Different companies use different costs for determining return on investment, so the things we can list on the spot as direct and indirect costs/benefits aren’t all encompassing. However, you can make a simple ROI calculation by taking the annual wages per employee times the number of positions divided by the price of the AGV system. In a formula that looks like
Wages x Positions / price of AGV system
If you want a little better calculation, take the annual burdened cost of an employee (including benefits) and add overtime costs per person times the number of positions to get the total yearly position costs. After that, take the cost of buying new manual forklifts/equipment, and then add this to total yearly position costs. Then take the cost of the AGV system and divide by that number. You may be able to disregard the maintenance of the AGV, as it may be similar to the maintenance of most other equipment.

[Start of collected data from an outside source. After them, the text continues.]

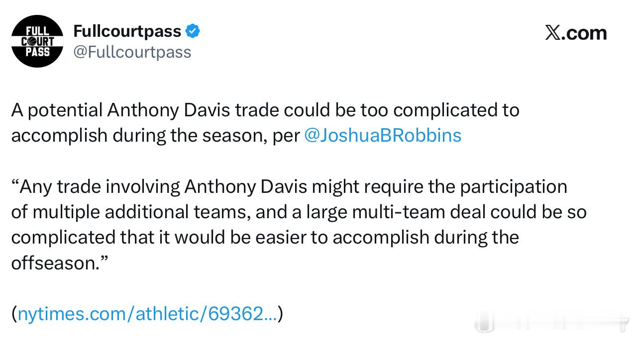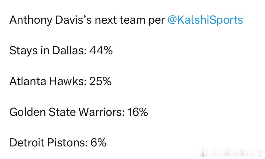 Josh Robbins:任何涉及浓眉的交易都需要多队参与,在截止日前完成交易将会非常复杂,因此在休赛期时完成更容易。此外,Kalshi Sports预测浓眉下家概率:独行侠44%老鹰25%勇士16%活塞6%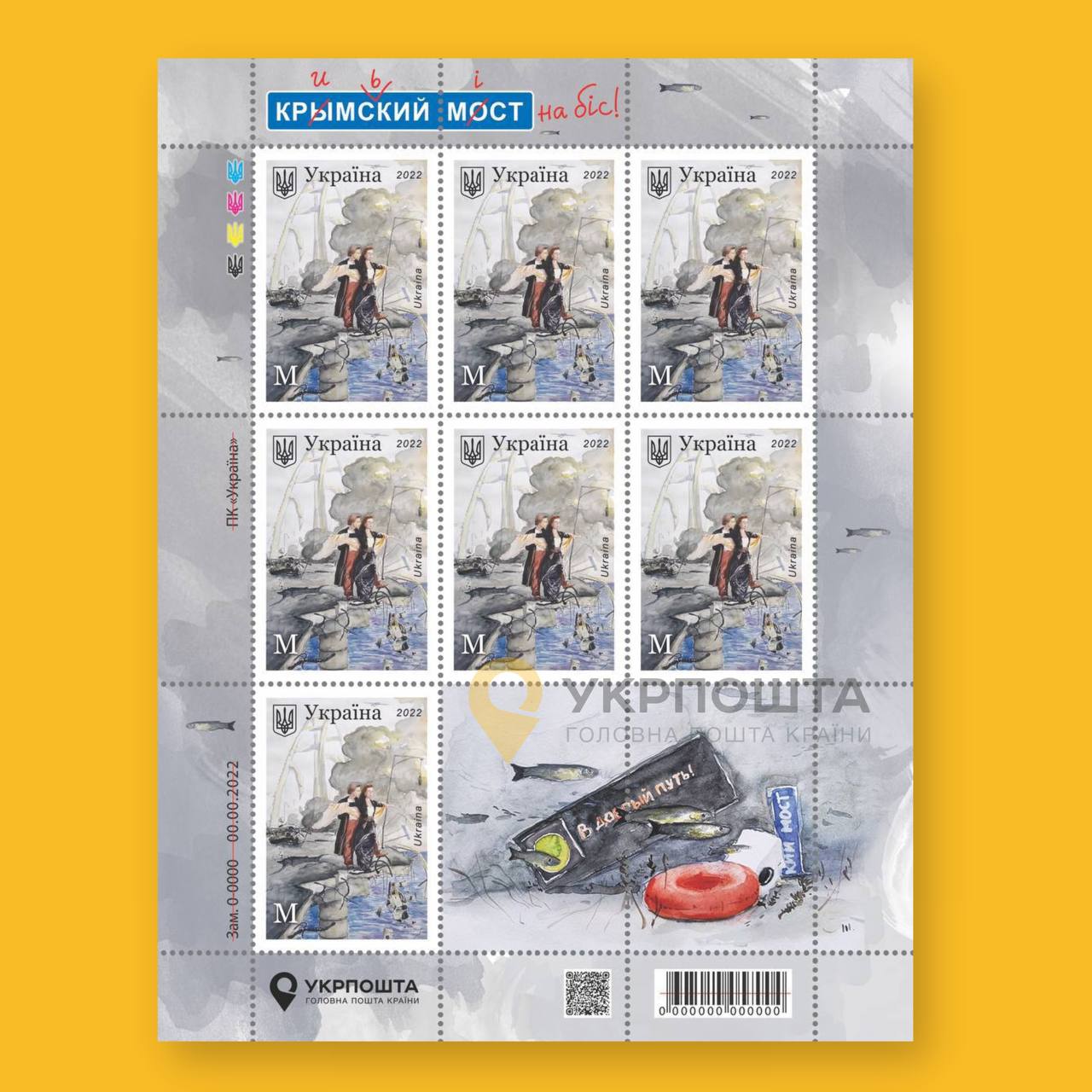 “Укрпошта” запустила передзамовлення на марку зі зруйнованим Кримським мостом. Поштовий набір “Кримський міст на біс!” включає марковий аркуш, художній конверт та листівку.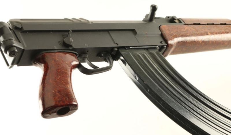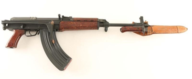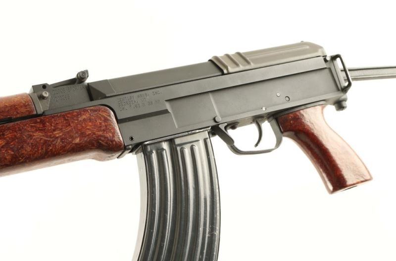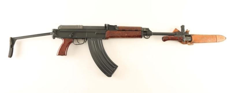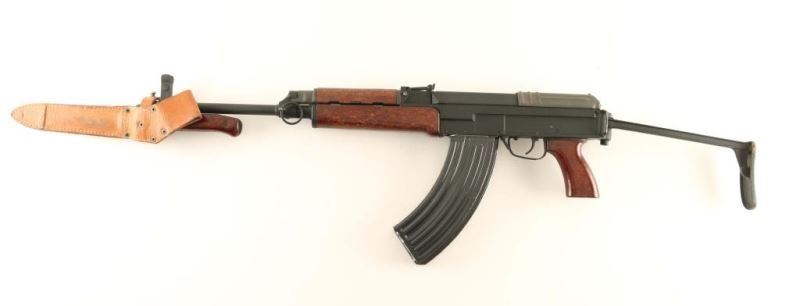 'Paratrooper' American made semi-automatic copy of the Czech military VZ58 rifle chambered in 7.62x39mm. Features a matte black finish, 16.25" barrel with slant muzzle break, shrouded post front sight, tangent rear sight graduated to 800 meters, attached bayonet with sheath, milled receiver, manual safety, smooth trigger, 30 round magazine, right side folding metal stock and wood impregnated plastic handguard, forend & pistol grip. Rifle exhibits approximately 96% of it's original finish showing light edge wear and some heavy rust on the butt. Action performs well, bore is excellent and the composite stocks are very good. Condition is NRA excellent. ***Modern Firearm***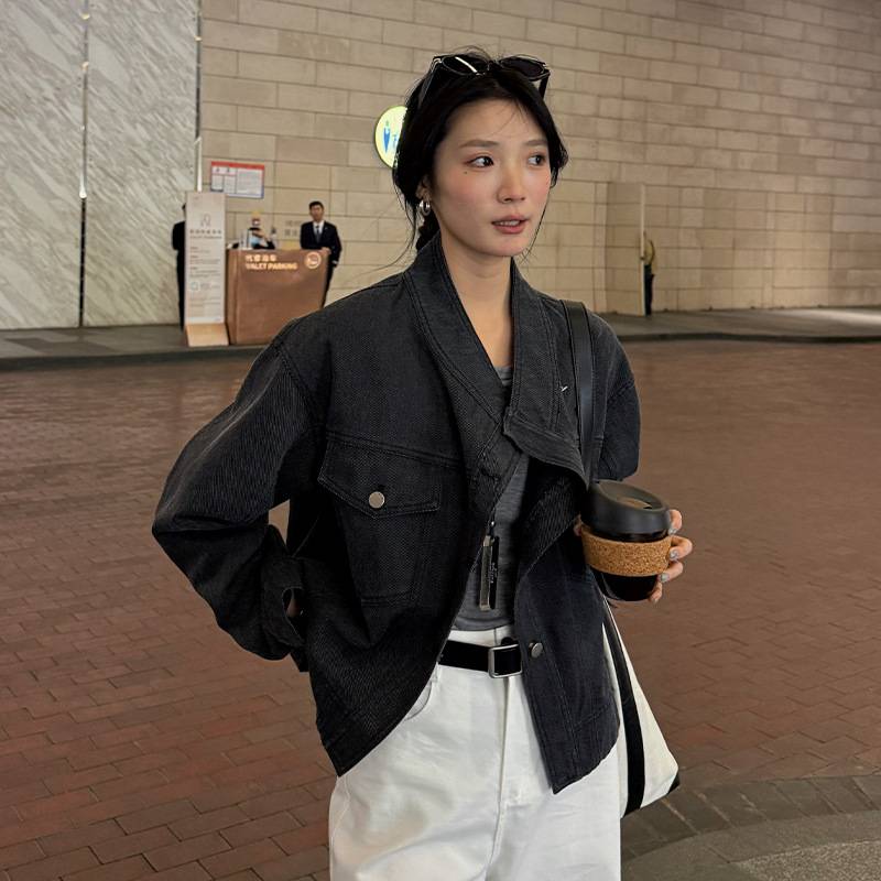 十三行 日落女装斜门襟短外套2025春季新款韩版宽松夹克上衣F6019

…Have we confused you yet? Here is the same information in a mathematical formula:
((Burdened Wages + Overtime) x Positions) + (Forklift cost) = Year 1 Cost
Cost of AGV system / Year 1 Cost = Years to Break Even
Finding the break-even point is part of the story, but potential buyers should also look at the impact over time, since most Automatic Guided Vehicle System will last 10-15 years. This impact over time (at least 5 years out, preferably 10) will show long-term savings, which in turn can show the value/justification for an AGV solution. For this, use the Year 1 Cost, and then use the total yearly position costs for years 2-10. See below an example long-term savings (numbers are just for example):
As you can see, there are actually quite a few factors into figuring out the ROI of investing in a AGV, but members of the AGVS Industry Group are experts at creating these calculations, to whichever level of detail works for your company. If you have questions about the benefits of integrating AGVs into your supply chain or how to justify the upfront cost to your boss, let us know and we’ll be happy to help. Visit mhi.org/agvs to learn more.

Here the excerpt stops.